“Marry” or “Get married to”? – 間違いやすい英単語の用法

英文法・語法

 Marryは簡単に見えて用法が大変難しい単語です。当記事では、marryの文法と意味についてサンプルセンテンスを使って順に説明させていただきます。

まずはじめに、クイズをやってみてください。以下の中で「私は彼女と結婚します」という意味になる正しい文はどれでしょうか?

(A) I will marry to her.
(B) I will marry her.
(C) I will marry with her.
(D) I will get married her.
(E) I will get married to her.

答えは以下のとおりです。

正しい文 – (B)(E)
誤り文 – (A)(C)(D)

 確信を持って100%正しく答えられた方は、当記事の前半は飛ばし読みしてください。間違いがあったり、ヤマ感で当たってしまったという方は全体をじっくり読んでみてください。

Marry SOMEONE誰かと 結婚する

 単純に「誰かと結婚する」という場合は、以下のようにmarry SOMEONEという表記を使います。

I will marry her.
彼女と結婚します。
I married him.
彼と結婚しました。

 marry SOMEONE の表記では、前置詞to, withどちらも不要です。

 以下のような相手を指定しない表記も可能です。

We will marry next year.
私たちは来年結婚します。

Get married to SOMEONE誰かと 結婚する

 Marry と get married は どちらも「結婚する」という意味ですが、get married は、marryに比べ「結婚していない状態から結婚する状態へ変化する」というニュアンスを含みます。明確な使い分けがあるわけではないのですが、例えば、ついに独身を卒業する、または結婚することにより生活が変化するというようなコンテキストではget marriedの方が適していると言えます。
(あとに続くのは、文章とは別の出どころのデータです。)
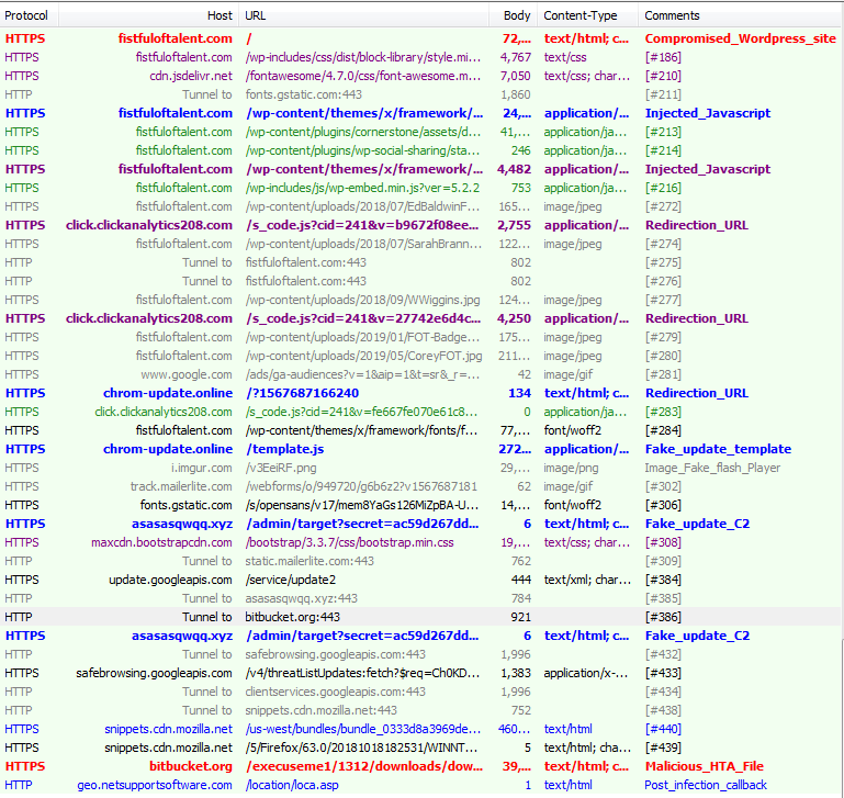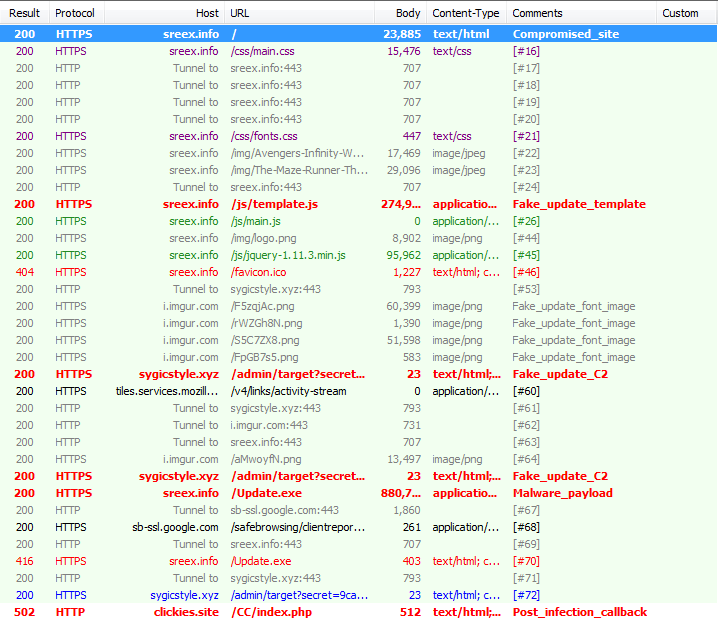 Figure 16: The overall traffic of the fake Flash Player update malware campaign

I will get married to her.
彼女と結婚します。
I got married to him.
彼と結婚しました。

 Get married のmarriedは形容詞です。SOMEONEの前に必ず前置詞toが必要です。With は使いません。

 以下のような相手を指定しない表記も可能です。

I got married last week.
先週結婚しました。

Marry to・Marry off to – 嫁がせる・結婚させる

 ここが、学習者が混乱しやすいところですが、marry to という表記は「(ある家へ・誰かへ)嫁がせる・結婚させる」という意味になります。従来marryには「結合させる」という意味があり、(例)You’ll need to marry the investors to your plan if you want to get funding for it.「資金を得たいのであれば、投資家をあなたのアイデアに合意させる必要がある。」のように「結婚」以外のコンテキストで頻繁に使われています。つまり結婚においては「誰か、または別の家族へ結合させる」=「嫁がせる」という意味になるわけです。
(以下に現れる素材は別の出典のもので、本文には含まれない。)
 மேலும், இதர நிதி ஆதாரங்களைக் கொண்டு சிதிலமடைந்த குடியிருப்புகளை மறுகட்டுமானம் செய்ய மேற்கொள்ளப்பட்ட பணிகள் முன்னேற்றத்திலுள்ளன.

Ann’s father will marry her to Paul.
Annのお父さんは彼女をPaulへ嫁がせたいと思っている。

 しかし実際には以下のように句動詞、marry off 「嫁がせる」を使う表現がより一般的です。

Ann’s father will marry her off to Paul.
Annのお父さんは彼女をPaulへ嫁がせたいと思っている。

 また、「~へ嫁ぐ」という意味の句動詞 marry into ~を使った表現も同様の場面でよく使われます。この場合、「嫁がせる」ではなく、「嫁ぐ」の意味になるため、以下のような語順になります。

My parents want me to marry into a wealthy family.
両親は私に裕福な家へ嫁いでもらいたいと思っている。

Be married – 結婚している

最後に be married を説明します。Be marriedは「結婚している」というステータスを表します。

I am married.
私は結婚しています。

I was married to an American.  
私はアメリカ人と結婚していました。(今はそのアメリカ人とは結婚していない。)

I’ve been married for 2 years. 結婚して2年になります。

 以上、marryの用法を説明しました。頻繁に使う単語ではないと思いますが、使うときに当記事を思い出して再確認するようにしてください。 Good luck!